- [TASK OBJECTIVE]:
This exercise asks for an exact copy of the lines from the one containing "ENRICO BAJ Milano" through the final line of the material, with pictures omitted.

- [COLLECTED MATERIAL]:
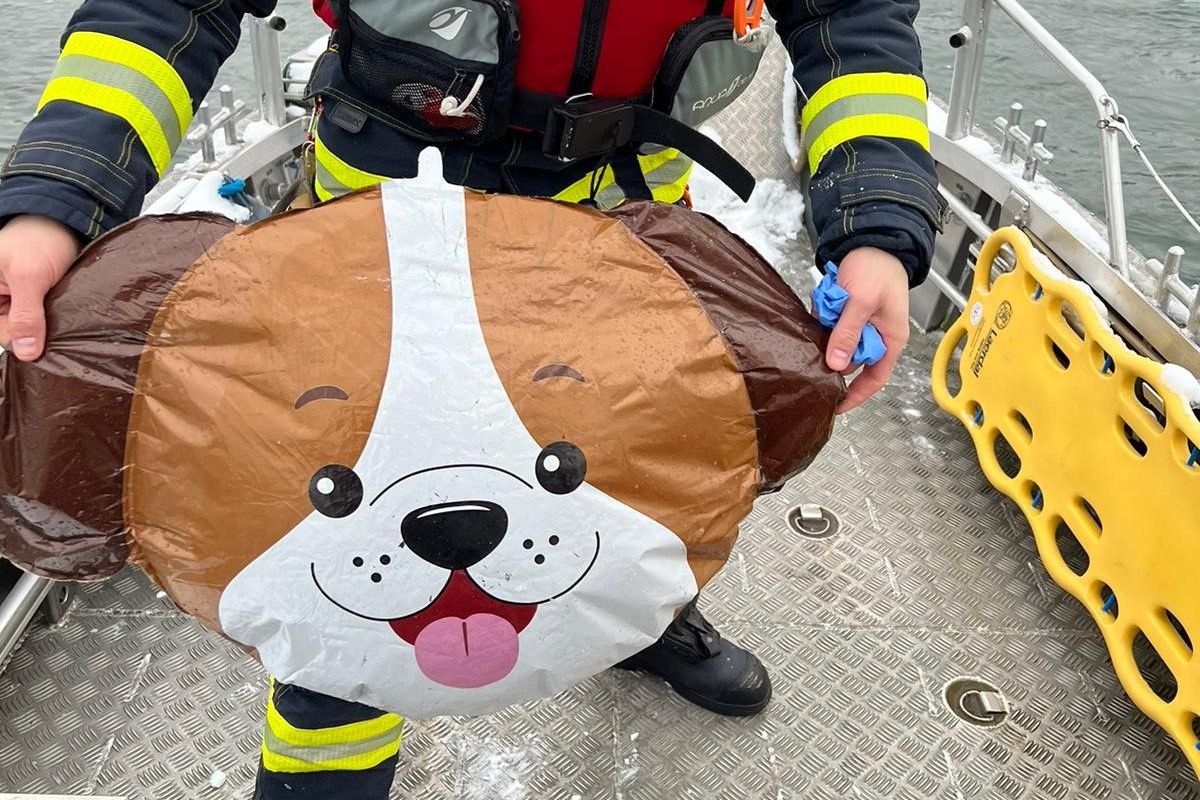Rund 20 Minuten nach der Alarmierung konnte eine Bootspatrouille der Berufsfeuerwehr Entwarnung geben, nachdem die Einsatzkräfte das «Opfer» aus dem kalten Wasser geborgen hatten. Es stellte sich heraus, dass es sich bei der vermeintlichen Person und einen Luftballon in Bärchenform gehandelt hatte. Von der Besitzerin oder dem Besitzer fehlt aber noch jegliche Spur.
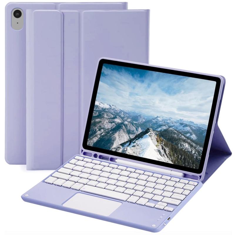 Améliorez votre iPad Air 11 2026/2025/2024, iPad Air 2022/2020 avec l'étui clavier Bluetooth, un accessoire 2-en-1 multifonctionnel qui allie protection, productivité et style. Fabriqué en polyuréthane de première qualité, cet étui élégant offre une protection complète contre les rayures, les chocs et les empreintes digitales, tout en conservant un aspect professionnel. Le clavier Bluetooth se connecte sans fil pour une frappe fluide et réactive, tandis que le pavé tactile intégré prend en charge le contrôle multi-gestes pour une navigation sans effort. Le clavier rétroéclairé vous permet de taper confortablement même dans des environnements peu éclairés. Le support réglable intégré offre un angle de vue ergonomique, ce qui le rend parfait pour la saisie, la lecture en continu ou la lecture. Conçu pour les affaires, les voyages ou l'usage quotidien, cet étui-clavier transforme votre tablette en station de travail portable.
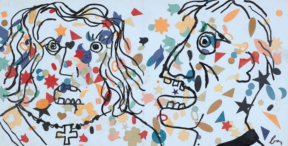 ENRICO BAJ Milano 31/10/1924 - Varese 15/06/2003 - Figure, 1973, acrilici e collage su carta cm. 27x53, firma in basso a destra, dichiarazione d'autenticità dell'artista, etichetta e firma per autenticità e provenienza della Galleria Gio' Marconi (MI) su foto.
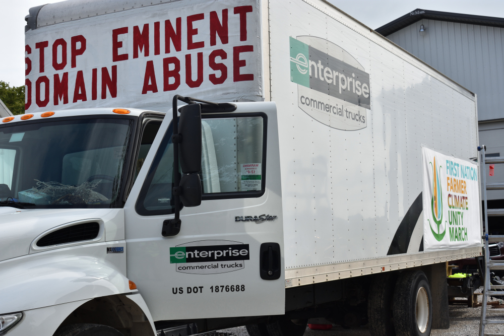 One of the main objectives of the First Nation-Farmer Climate Unity March was to call attention to this court case. We had a large banner saying Stop Eminent Domain Abuse with us on the March. A similar sign was painted on our portable rest room/shower.

- [TASK RESPONSE]:
 ENRICO BAJ Milano 31/10/1924 - Varese 15/06/2003 - Figure, 1973, acrilici e collage su carta cm. 27x53, firma in basso a destra, dichiarazione d'autenticità dell'artista, etichetta e firma per autenticità e provenienza della Galleria Gio' Marconi (MI) su foto.
 One of the main objectives of the First Nation-Farmer Climate Unity March was to call attention to this court case. We had a large banner saying Stop Eminent Domain Abuse with us on the March. A similar sign was painted on our portable rest room/shower.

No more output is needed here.